Dr. Juanakee Adams, founder of Adams Eye Care, is the first African-American female optometrist to practice in Alabama. She became the youngest person to be granted early admission to Indiana University School of Optometry in Bloomington, Ind. Adams, a Birmingham, Ala., native, gives back to her home state by providing medical and vision care, as well as food and clothing to residents in Alabama’s Black Belt region. She also is an ordained minister, inspirational speaker and life coach.

Oscar Adams (2011)

Oscar Adams has made history in Birmingham and Alabama in the field of law several times over.
Oscar Adams has made history in Birmingham and Alabama in the field of law several times over.

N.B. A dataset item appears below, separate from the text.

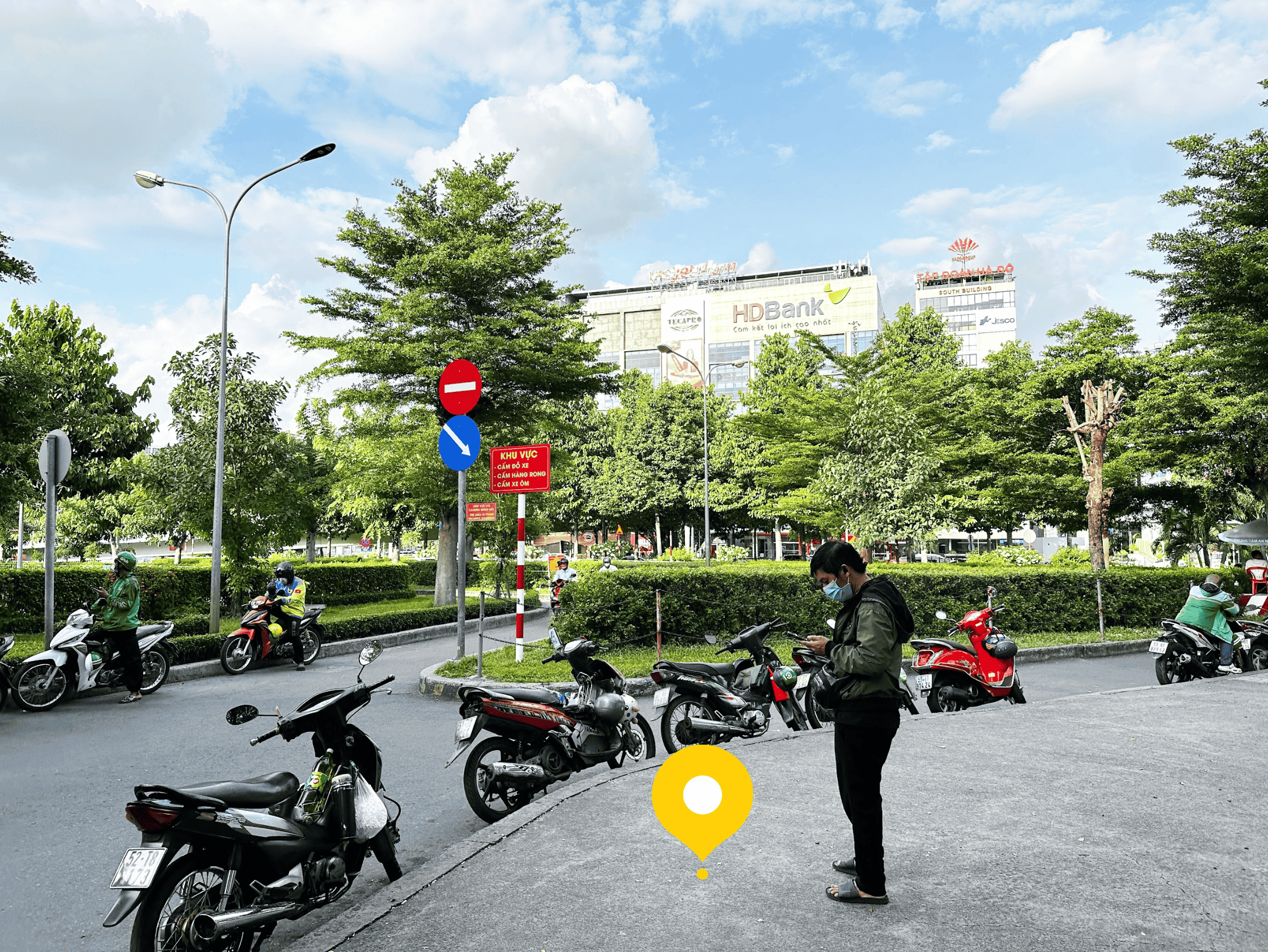 5. Thấy trạm thu phí xe ôtô thì rẽ trái lên vỉa hè đế đến điểm đón trả xe máy beBike.

Attorney Oscar William Adams life is a litany of firsts. The Birmingham, Ala., native was the first African-American to join the Birmingham Bar Association in 1966. He formed the state’s first integrated legal practice with white attorney Harvey Burg. In 1980, he was appointed to the Alabama Supreme Court, becoming the first African-American to serve on any appellate court in the state. He also was the first African-American to be elected to any statewide constitutional office in Alabama history; he was re-elected for two terms in 1982 and 1988 before retiring in 1993. Adams impressive resume also includes the establishment of one of the premier law firms to litigate civil rights cases in the 1960s—Adams, Baker, and Clemon, which was forms with fellow black lawyers James Baker and U.W. Clemon.

#BlackHistoryMonth: Notable black Alabamians will be updated throughout the remainder of February.